Поэтому избиратели заранее уверены в том, что депутат, которого они выберут, будет превосходным оратором, что он будет выступать по возможности часто, а в случае, если он будет вынужден воздерживаться от выступлений, он сумеет, по крайней мере в своих редких речах, дать анализ всех важнейших государственных дел и вместе с тем изложить все их собственные мелочные претензии и жалобы и сделает это так, что вместо постоянных словоизлияний он будет время от времени лаконично высказывать все свои взгляды и требования избирателей, подавая их в виде своего рода блестящих и полных резюме. Только на этих условиях они обещают голосовать за него в следующий раз.

Это доводит до отчаяния честных людей, которые, сознавая свою посредственность, не стали бы сами себя выставлять напоказ. Побуждаемый таким образом депутат, к великому огорчению друзей, просит слова и, безрассудно врываясь в круг самых прославленных ораторов, запутывает ход прений и докучает собранию.

Все законы, которые усиливают зависимость избранного лица от избирателей, оказывают влияние не только на поведение законодателей, как уже было отмечено, но и на их язык. Они одновременно воздействуют и на ход дел, и на манеру ведения дебатов.

Едва ли найдется конгрессмен, который согласится вернуться к родному очагу прежде, чем выступит хотя бы с одной речью, и который позволит прервать свое выступление прежде, чем выскажет в нем все то, что он может сказать во благо всех двадцати четырех соединенных штатов и в особенности для пользы представляемого им округа. Таким образом, он выставляет на суд своих слушателей, сам того не осознавая, а потому очень путано, великие общие истины, перемежая их мелкими частными фактами, найти и изложить которые ему стоит немалого труда; Соответственно, очень часто бывает так, что дебаты, происходящие в этом представительном собрании, приобретают неопределенный, запутанный характер, и кажется, что они не столько идут, сколько тащатся, едва волоча ноги, по направлению к намеченной цели.

Я думаю, что нечто подобное всегда должно происходить в демократических собраниях общественности.
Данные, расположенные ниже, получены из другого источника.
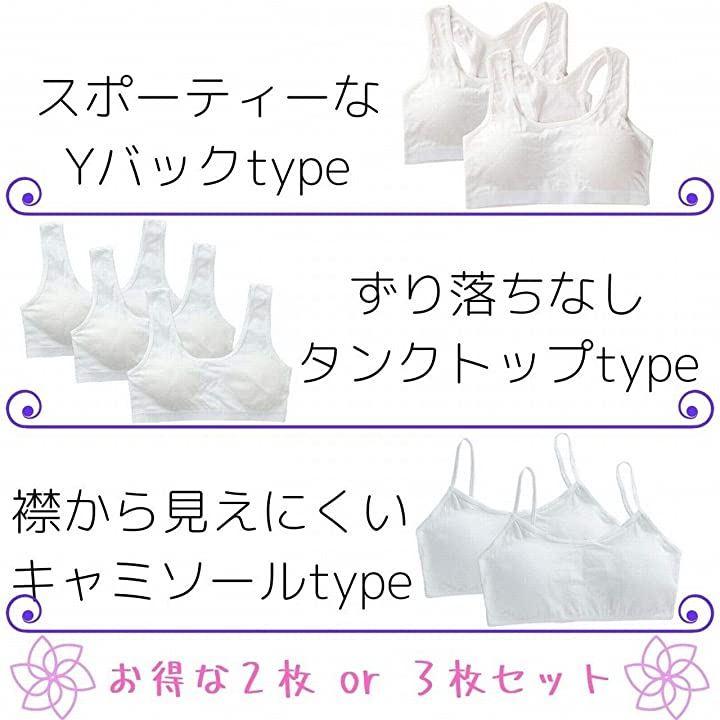 Yバック・タンクトップ・キャミソールの3タイプから選べるジュニアブラです。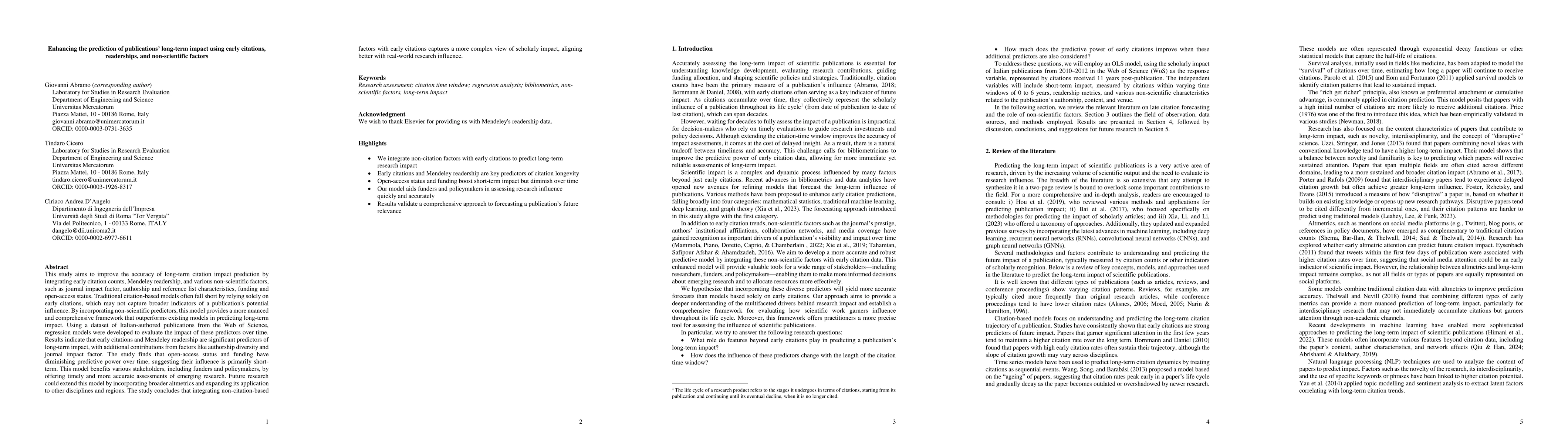 This study employed a mixed-methods approach, combining quantitative regression analysis with descriptive statistics to evaluate the predictive power of early citations, Mendeley readership, and non-scientific factors on long-term impact.

Сочетание благоприятных обстоятельств и хороших законов могло бы способствовать привлечению в законодательные собрания демократического государства людей куда более достойных, чем те, кого американцы посылают в конгресс; однако ничто не может воспрепятствовать посредственным личностям, оказавшимся там, с готовностью то и дело выставлять себя напоказ.

Полагаю, что от этого зла вряд ли можно избавиться полностью, так как оно зависит не только от регламента проведения заседаний, но и от состава конгресса и от конституции страны.

Сами жители Соединенных Штатов, по-видимому, именно с этой точки зрения смотрят на сей предмет, ибо продолжительный опыт работы их парламентской системы свидетельствует о том, что они не прерывают выступлений плохих ораторов, но мужественно подчиняются необходимости их выслушивать. Они смиряются с ними, как со злом, которое на основании своего опыта они признают неизбежным.

Мы показали недостатки политической жизни при демократии; рассмотрим теперь се достоинства.

То, что происходило в английском парламенте в течение ста пятидесяти лет, никогда не производило никакого шума за пределами страны; идеи и чувства, выражавшиеся английскими ораторами, не вызывали особых симпатий даже у народов, живущих по соседству с великим театром британской свободы, тогда как уже самые первые дебаты, состоявшиеся в крохотных ассамблеях североамериканских колоний в эпоху революции, взволновали Европу. [с. 369]

Это вызывалось не только случайным стечением конкретных обстоятельств, но и причинами общего, долговременного характера.

Я не представляю себе ничего более великолепного и впечатляющего, чём выступление великого оратора, обсуждающего важнейшие вопросы с трибуны подлинно демократической ассамблеи. Поскольку никакой определенный класс никогда не представлен здесь людьми, обязанными охранять его узкоклассовые интересы, оратор всегда обращается ко всей нации и от имени всего народа в целом. Это облагораживает образ его мысли, придает особую силу и яркость его языку.

Поскольку прецеденты теряют свою силу, а привилегии не связаны более с определенными видами собственности, лишая определенные институты и конкретных людей их наследственных прав, обсуждение любого вопроса, занимающего внимание общественности, неизбежно возвращается к различного рода общим представлениям, свойственным самой природе человека. По этой причине политические дискуссии демократического народа, сколь бы незначительных проблем они ни касались, обретают свойство всеобщности, часто привлекающее к себе интерес всего человечества. Всякий человек интересуется этими дискуссиями потому, что речь в них идет о человеке, природа которого повсюду едина.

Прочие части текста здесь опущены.